We had a neighbor who requested my folks' permission to add on a dormer on the attic, for the old folks to live upstairs, in the attic. The sketches were unobtrusive, what they wound up having built was a nightmare! Completely blocked off all light on the southside of our house. My Dad brought it up to them, once, during some kind of backyard minor altercation. 

Years later, my own folks having moved away, and I had bought our house from them, my buddies who several times a week gathered at our place evenings to play cards and "tip a few", "got back" at that neighbor, though the neighbor did not know it, by peeing on the neighbor's basement windows, upon leaving our place in the darkness!   imp


----------



## fishfulthinking (Jul 28, 2015)

applecruncher said:


> fishfulthiunking, that guy would be a good candidate for the Burning Bed (movie with Farrah Fawcett).



yes indeed.


----------



## RadishRose (Jul 28, 2015)

I had a neighbors in the next yard who were also the land lord & land lady.
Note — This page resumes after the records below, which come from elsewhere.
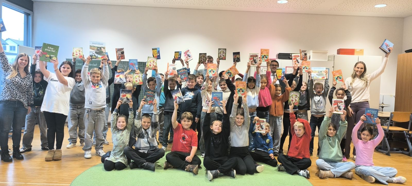Am 17. November erhielten die Klassen 3a und 3b der Grundschule am Geigersbühl für ihre Klassenbibliothek zwei sorgfältig zusammengestellte Bücherpakete der Bildungsstiftung der Kreissparkasse.
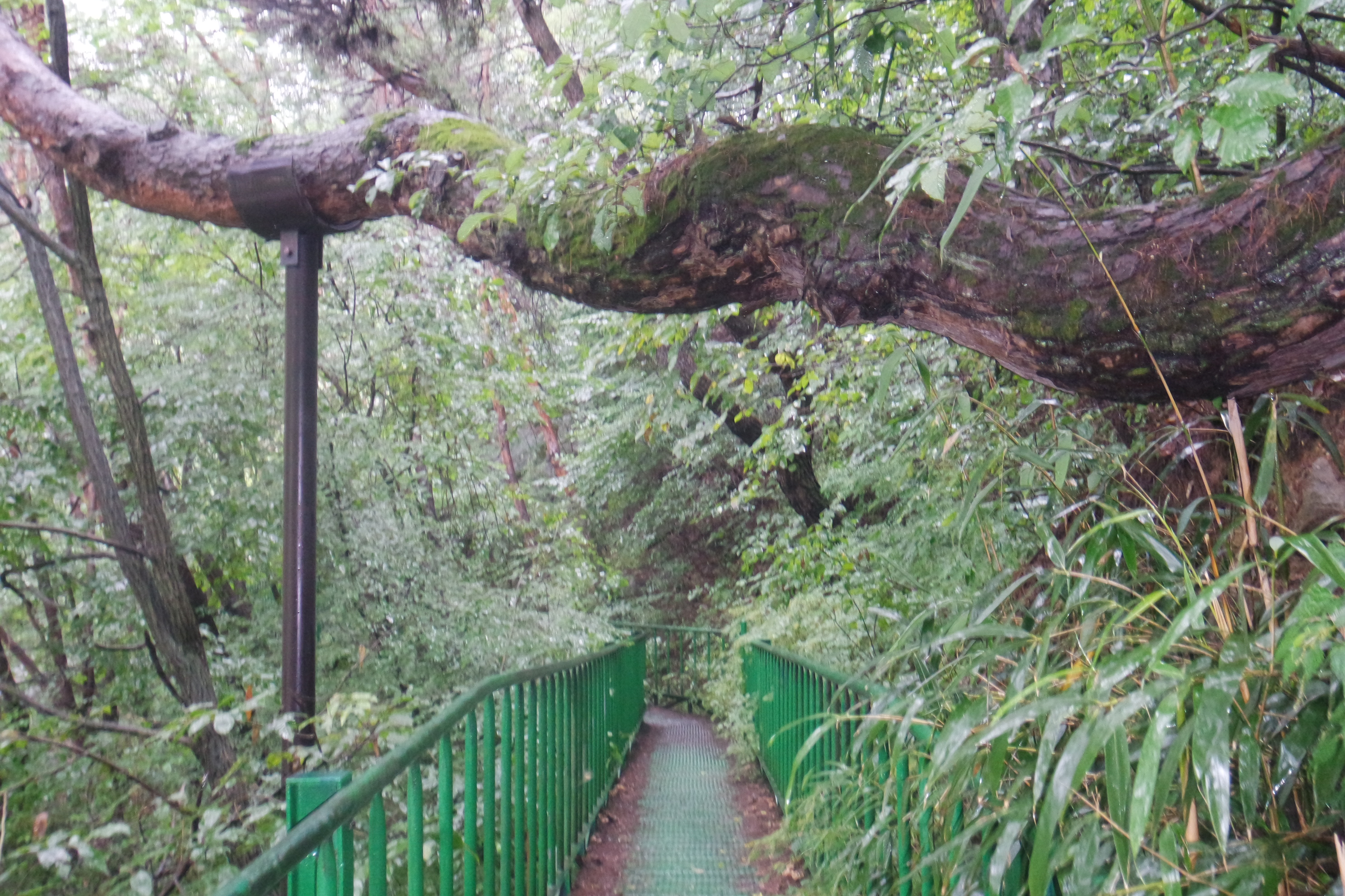나무사이의 철제 계단.
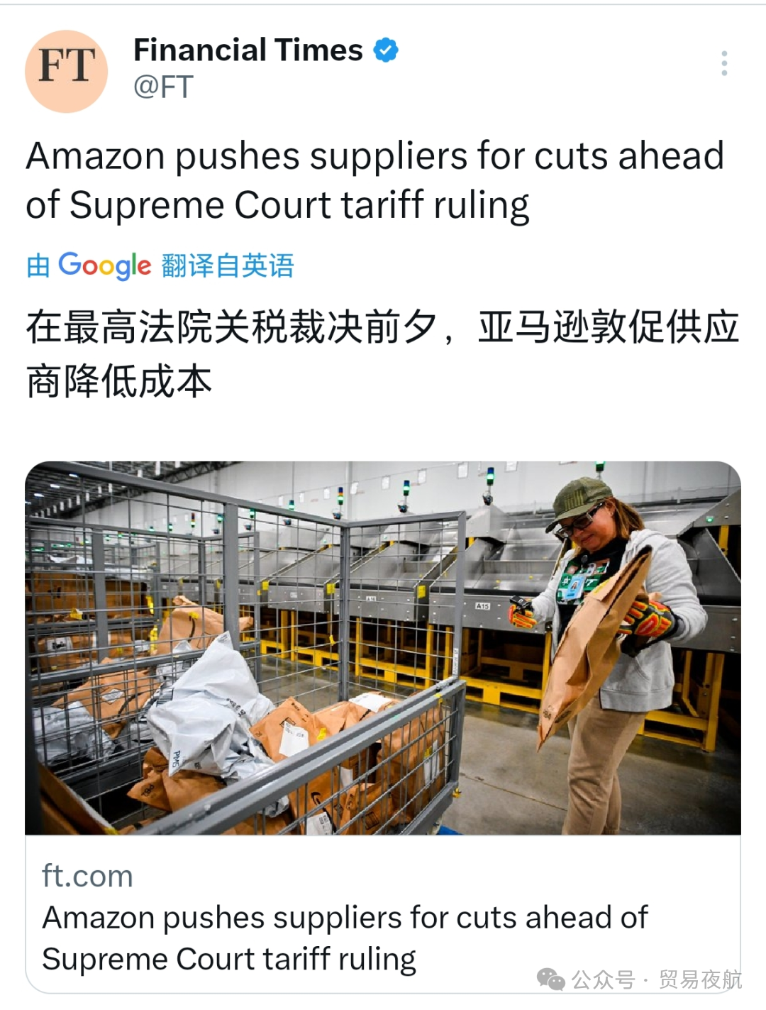 报道称,亚马逊此举旨在美国最高法院就关税合法性作出裁决前加快谈判进程。
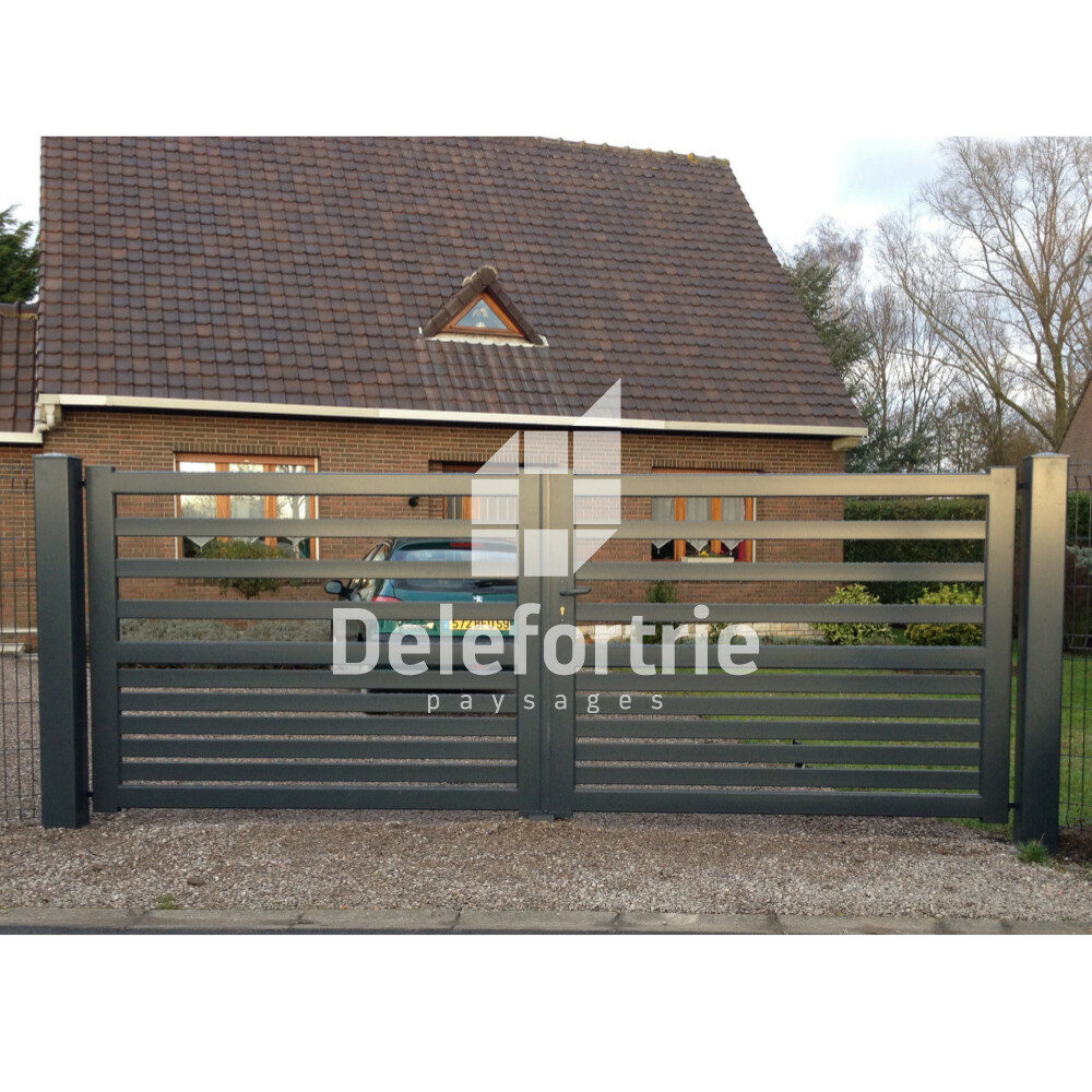 Découvrez ici la pose d’un portail double battant en aluminium soudé. Delefortrie paysage, spécialiste en aménagement extérieur, fournit et pose une large gamme de portail en aluminium et clôture rigide.
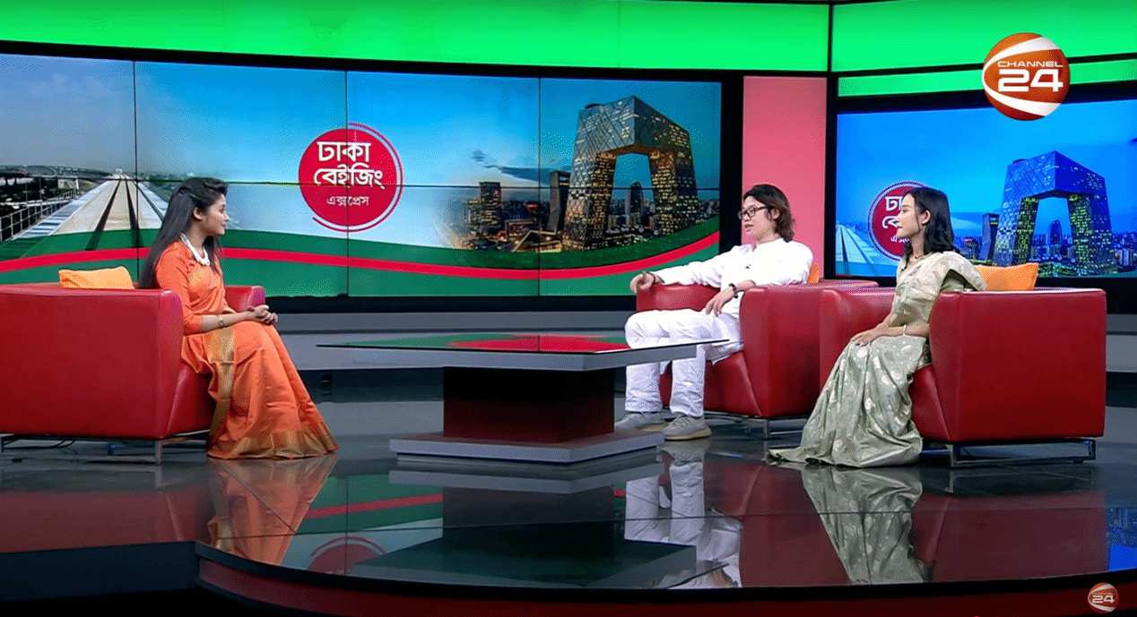 孟加拉语专业本科生于孟加拉国当地时间4月4日受邀参加孟加拉国知名媒体Channel 24与中央广播电视总台(CMG)联合承办的《达卡-北京快线(Dhaka Beijing Express)》专题栏目。此次专访通过电视直播及多平台同步推送,向孟加拉国全国观众展现了中国青年学子研习孟加拉语言文化的生动图景。

They were retired and could not stay away from my first floor apartment yard. 

Once, they surrounded the bird bath with those pink plastic flamingos, but took them away after I complained.

 Another time, they placed a wiine keg in my front yard filled with orange, plastic flowers-in the middle of winter! I threw them away.

When guests or food delivery came, they had to park on the street instead of the driveway in case their vehicles leaked oil onto the asphalt driveway that they had replaced several years earlier. This was not always successful and when they discovered oil spots, they scrubbed them with a bucket and brush!

Things could have been alot worse, like the stories I've read here.  I guess I was lucky.


----------



## grannyjo (Jul 31, 2015)

I had the neighbours from hell move into the villa in front of mine.  Only two on the block of land.

At the time,  it seemed to be a single mother with about three or four children along with dogs that were intent on ripping me apart if they could get through the fence.

Then the husband was released from jail.  He was a bikie gang member.

From then on,  the whole yard was lit up with spotlights,  every night.

There were people coming and going at all hours,  day and night.  There was no peace for me.

Thankfully,  he was arrested again for drug dealing,  and she and the children,  and the pit bull dogs moved out.

The next couple who moved in were older, far more stable,  and they're still my neighbours.

Such a blessed relief.


----------



## applecruncher (Jul 31, 2015)

Definitely hellish, grannyjo.


----------



## debodun (Aug 13, 2015)

Back when my mother was alive, we had a row with the next-door neighbors about leaving their dog out. When they were gone (which they were most of the time, sometimes up to 9 hours a day), they left their huge dog (I think it was part wolfhound) out in a fenced-in section of their backyard. When he was left alone, it just barked loudly and continuously. We tried to be civil about it at first suggesting they walk the dog before they left for the day and leave it inside. The neighbor's only reply was that it was an "outdoor dog". We also pointed out that there was a barking ordinance in effect. His answer to that was, "That law doesn't apply to me." We were getting desperate and took to going over and letting the dog out of its pen, then it didn't bark. The neighbors response to this was to have my mother and me arrested for harassment and trespassing. We finally had to go to court. That dragged on for months. Often the neighbor wouldn't even show up and when he did it was to ask for more time to get his case together. Finally the judge put his foot down and told the neighbor's attorney to tell the neighbor he had to do take measures to keep his dog quiet. About a week after that, the dog disappeared and we never saw it again. Today the neighbor is passably friendly, so I guess he didn't hold any grudge, but he was very nasty when this was going on.


----------